## Recorded data
==================================================

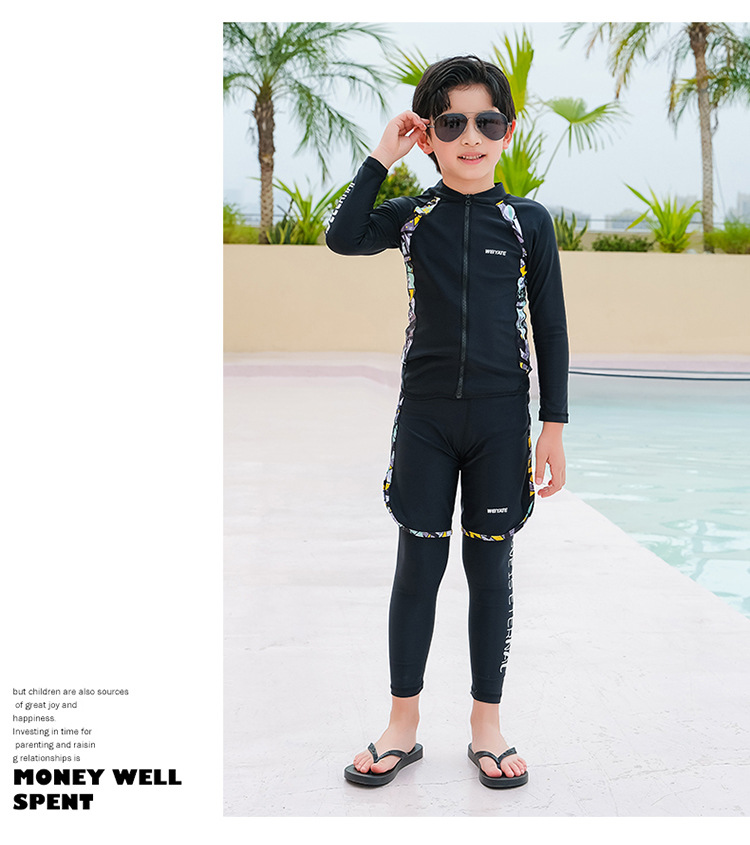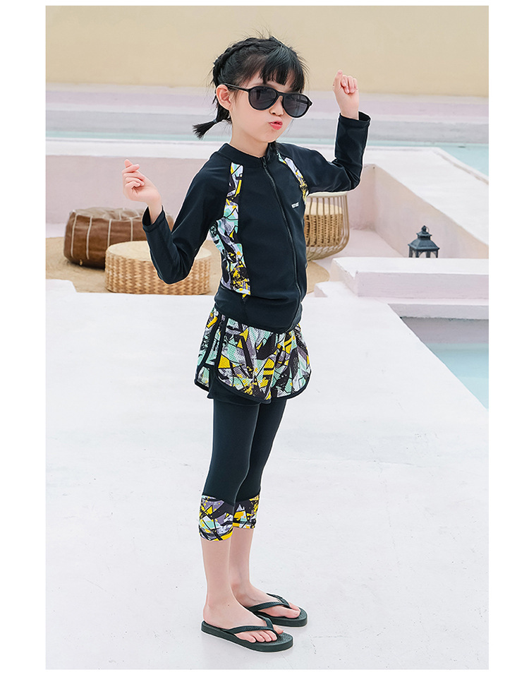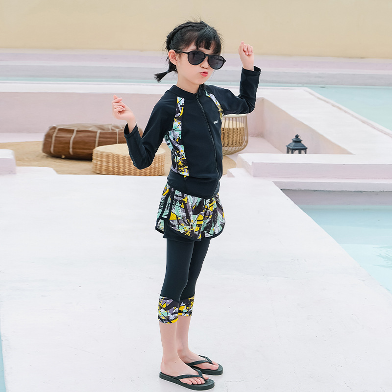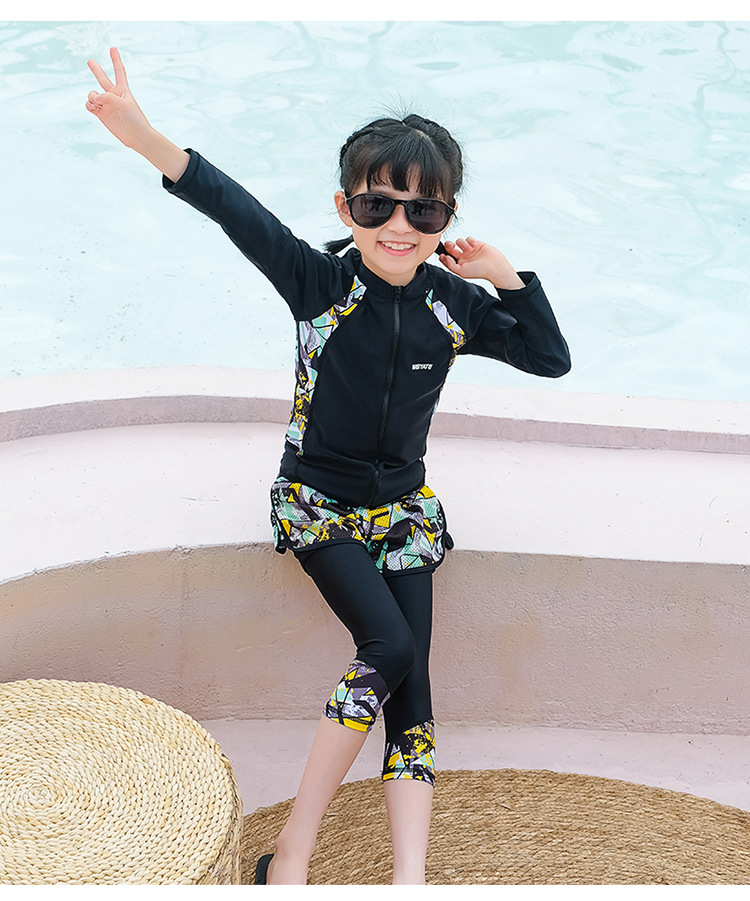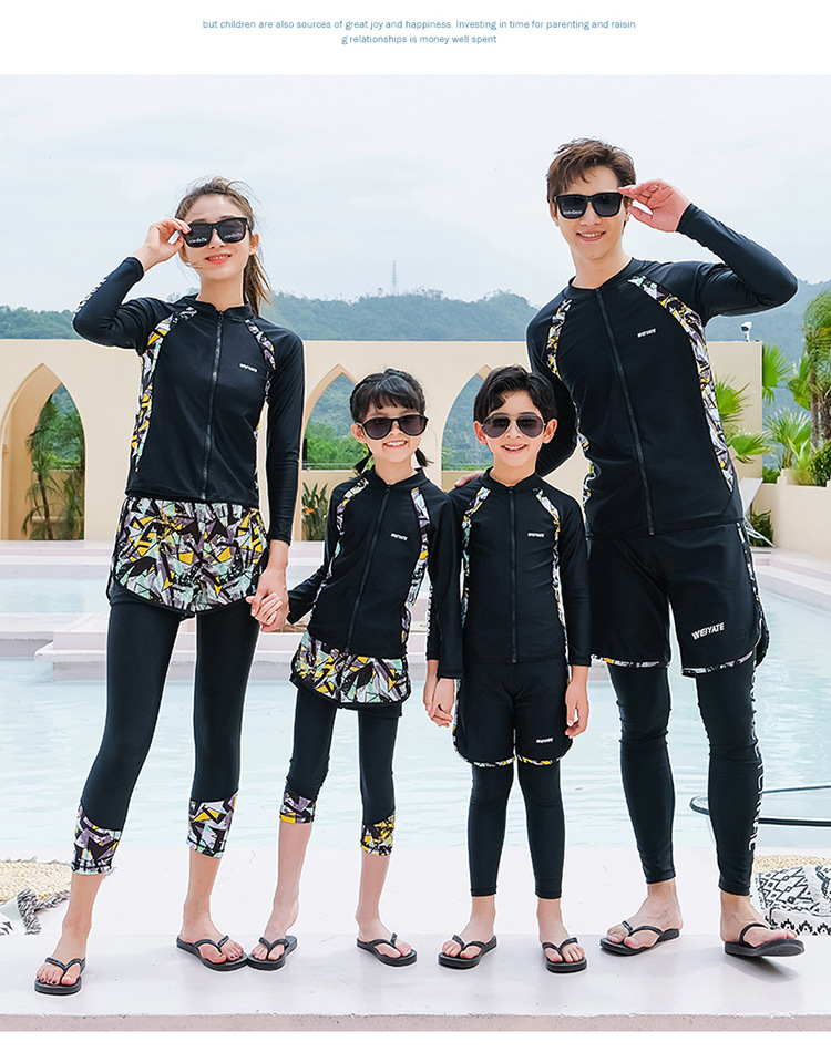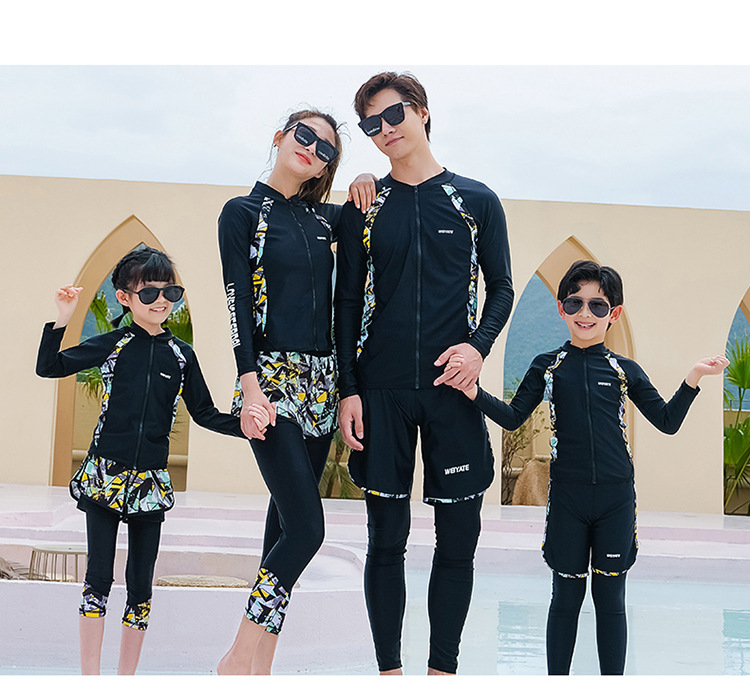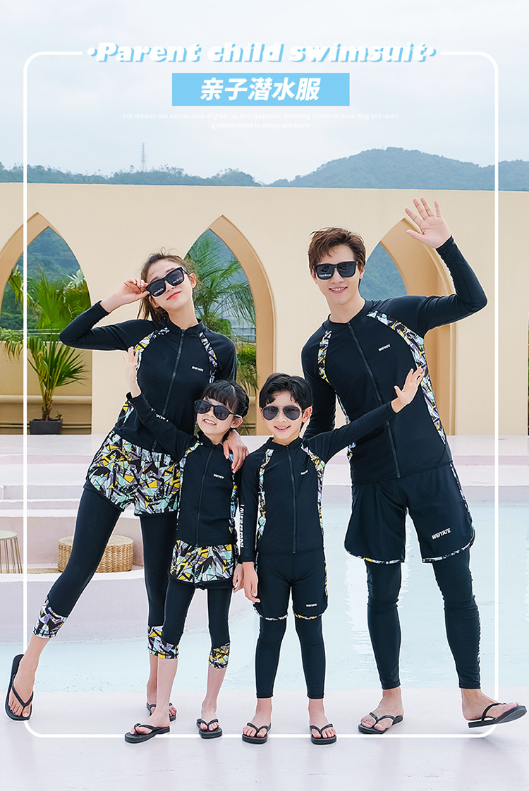 韩版儿童泳衣长袖防晒潜水服新款男女童沙滩印花分体泳装亲子系列
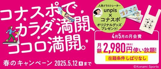 コナミスポーツ株式会社が運営するコナミスポーツクラブでは、2025年3月28日(金)から2025年5月12日(月)まで、フィットネスクラブ春のキャンペーンを実施します。期間中は入会時の登録料が0円となり、特別価格で施設を利用できるほか、人気イラストレーターunpisさんのオリジナルグッズをプレゼントします。
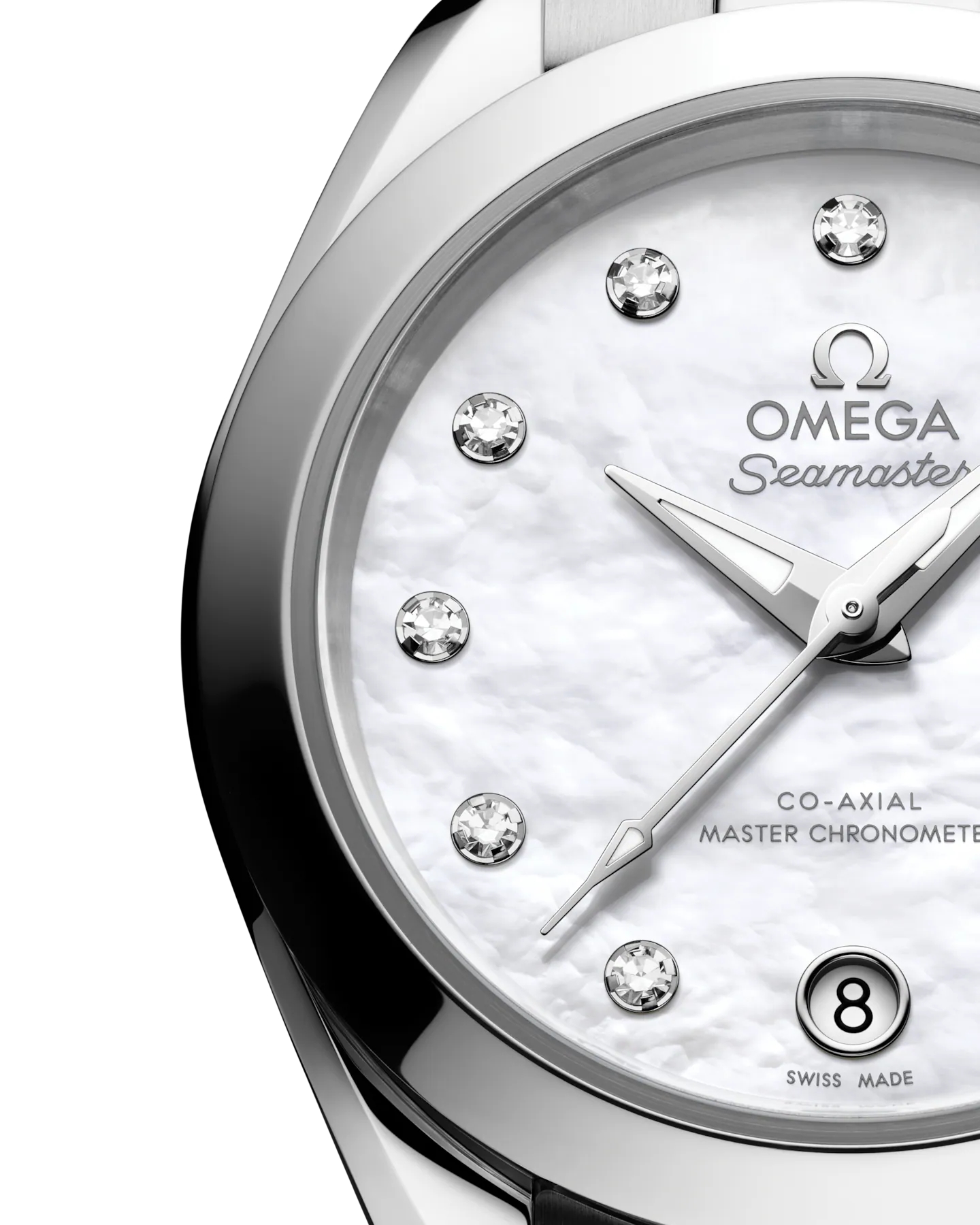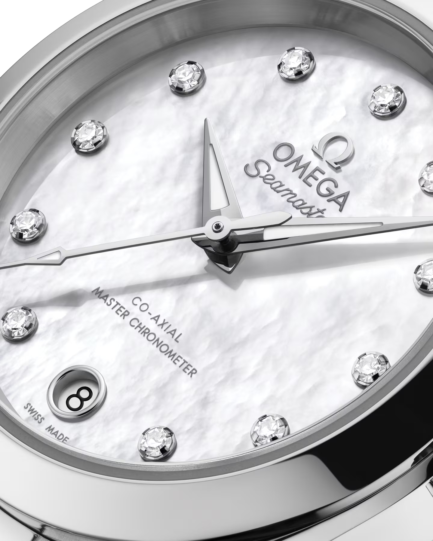 全体に光沢のある仕上げが施されたホワイト マザーオブパールのダイアルは、6時位置に丸型の日付窓を備えます。11個のダイヤモンドのインデックスと面取りを施し新たにデザインされた針を配し、分針は先に行くにつれ細くなる繊細な形状に仕上がっています。アプライドのディテールと針はすべて18Kホワイトゴールド製で、針にはブルーの光を放つホワイトのスーパールミノヴァを塗布しています。

==================================================

## Exercise directions
A verbatim transcription of the listing is expected, with no pictures included.

## Finished exercise
 韩版儿童泳衣长袖防晒潜水服新款男女童沙滩印花分体泳装亲子系列
 コナミスポーツ株式会社が運営するコナミスポーツクラブでは、2025年3月28日(金)から2025年5月12日(月)まで、フィットネスクラブ春のキャンペーンを実施します。期間中は入会時の登録料が0円となり、特別価格で施設を利用できるほか、人気イラストレーターunpisさんのオリジナルグッズをプレゼントします。
 全体に光沢のある仕上げが施されたホワイト マザーオブパールのダイアルは、6時位置に丸型の日付窓を備えます。11個のダイヤモンドのインデックスと面取りを施し新たにデザインされた針を配し、分針は先に行くにつれ細くなる繊細な形状に仕上がっています。アプライドのディテールと針はすべて18Kホワイトゴールド製で、針にはブルーの光を放つホワイトのスーパールミノヴァを塗布しています。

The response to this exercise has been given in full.